Фон Эбенхольц раздраженно поджал губы, и, не ответив, тяжело поднялся.
– Я вижу, – произнес он с неискренней улыбкой, – Эрих пытается одолеть Александера; пойду взгляну. А вдруг. Чудеса случаются. Прошу прощения, отец Штефан, но вынужден прервать разговор, не начав.
– Кажется, вы задели его чувства, – с укоризной заметил Курт, и капеллан сокрушенно кивнул:
– Правда горька. Быть может, не всегда стоит говорить ее…

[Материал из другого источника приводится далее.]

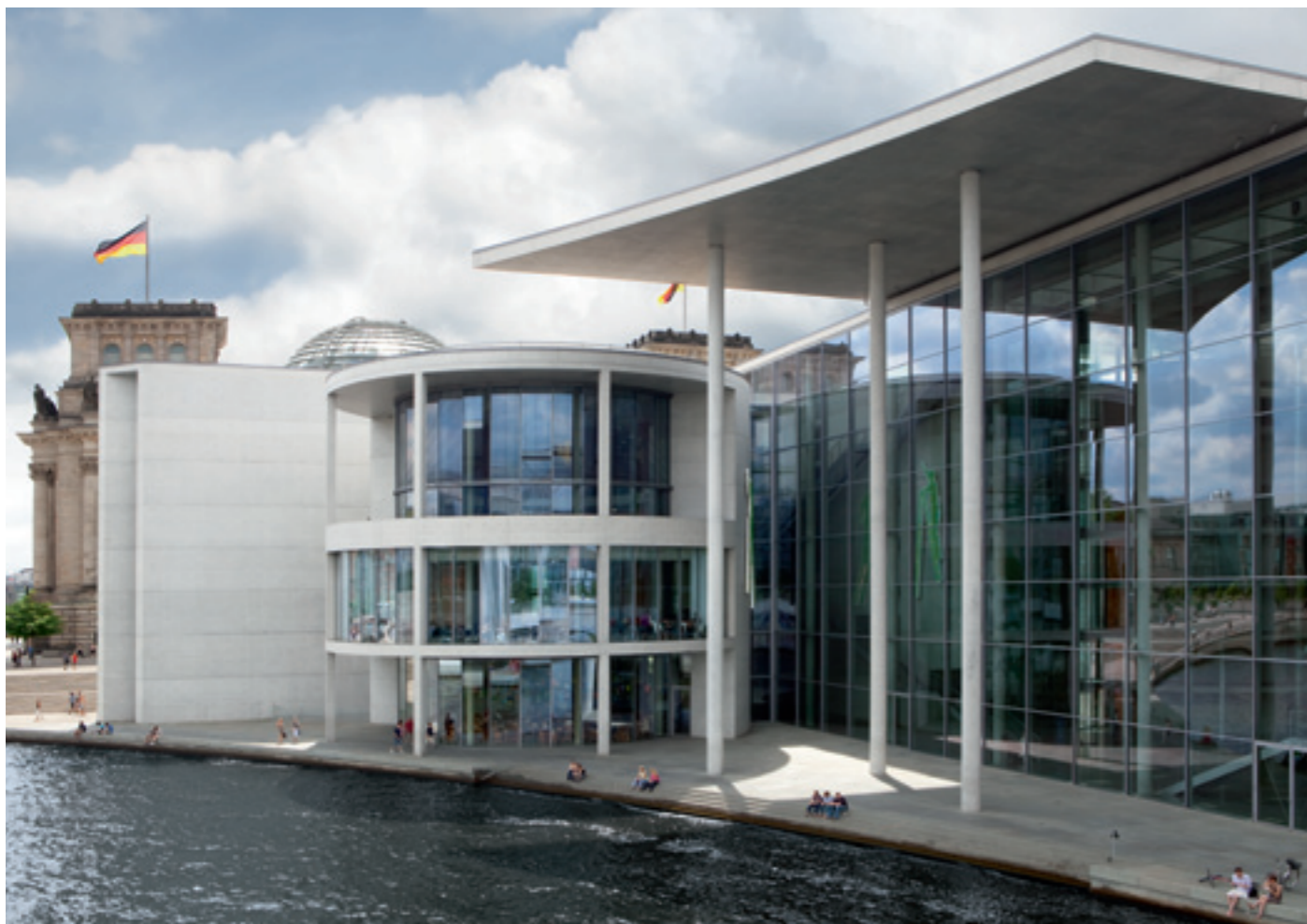
Only in Berlin can you find deck chairs and a beach atmosphere in the heart of the government quarter.

Berlin is unique in many ways, and with the fall of the wall it became the site of a great architectural experiment, unmatched in any contemporary European city. Foremost among these extraordinary projects are Potsdamer Platz and the new government district, extending to the north of the Reichstag. The master plan by Berlin architects Schultes Frank Architekten is acknowledged as a work of genius. And even that has tradition in Berlin: the New National Gallery, located not far from the government district, was created by one-time Bauhaus director Mies van der Rohe from 1965 to 1968 and is today considered an icon of classic modernism.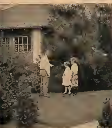
To conceal a garage—use Douglas Fir or White Pine.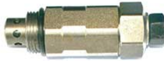
Caterpillar Excavator Series E200B Main Relief Valve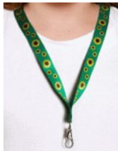
During the scanning process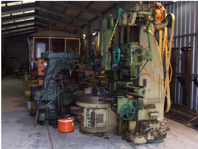
Machinery from the old workshop has been temporarily stored in the Bodyshop.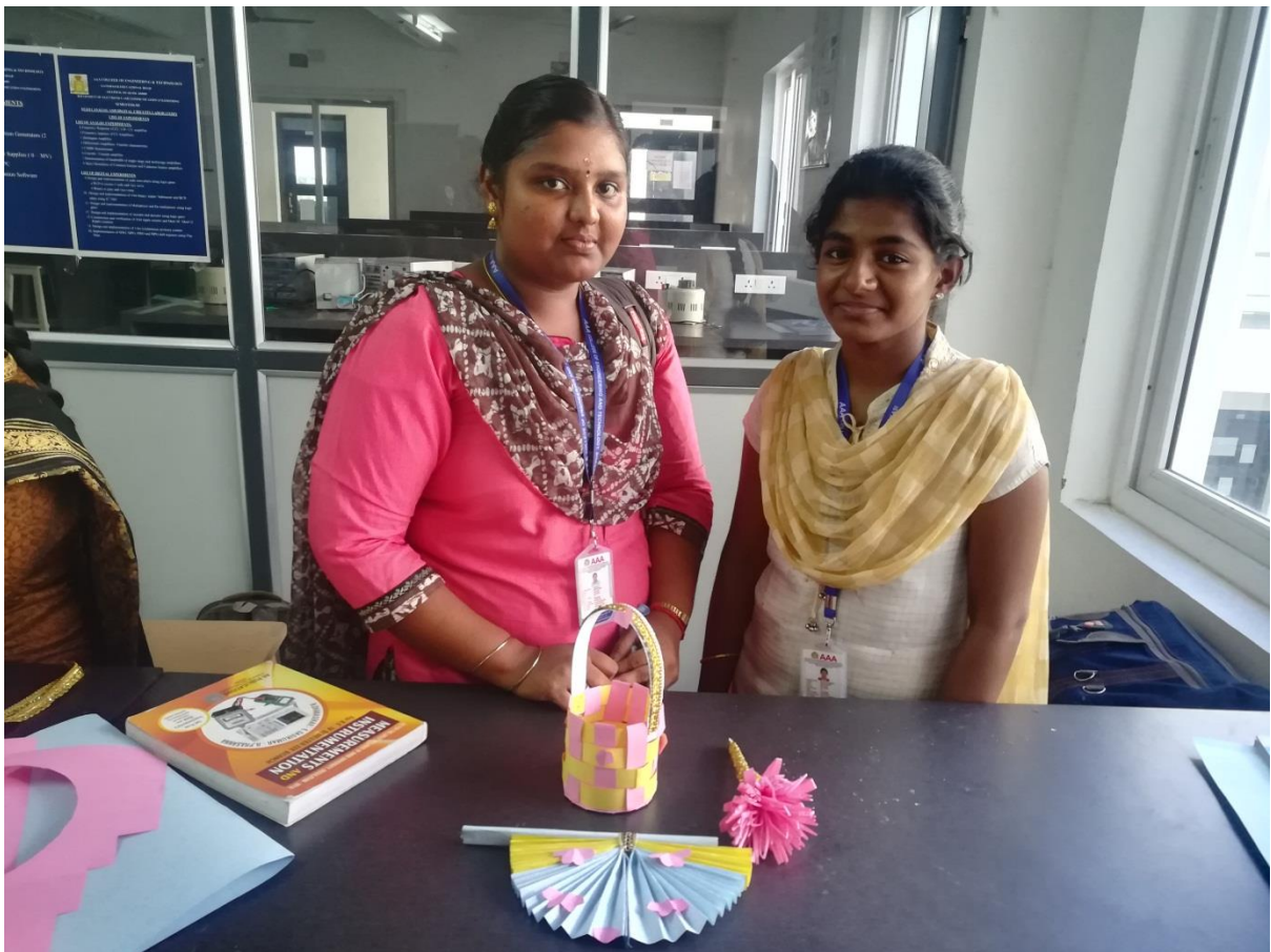
Art From Chart

– Невзирая на собственную должность – вынужден согласиться. Как я понимаю, вы каждого здесь давно и хорошо знаете?
– В некотором роде, – согласился тот. – Знаете ли, брат?..
– Игнациус.
– Знаете ли, брат Игнациус, когда служишь при одном месте столько времени, начинаешь вникать во все, что вершится вокруг, волей или неволей. Случается, что гости бывают в этом имении во дни богослужений, случается – и исповедуются… сомневаюсь, что полно и искренне, но уж хоть что-то… Больше я узнаю из сплетен – в молве, бывает, слышишь то, о чем наедине, в исповедальне, не говорят; странная суть человеческая. Наверняка и в вашей службе такое замечалось.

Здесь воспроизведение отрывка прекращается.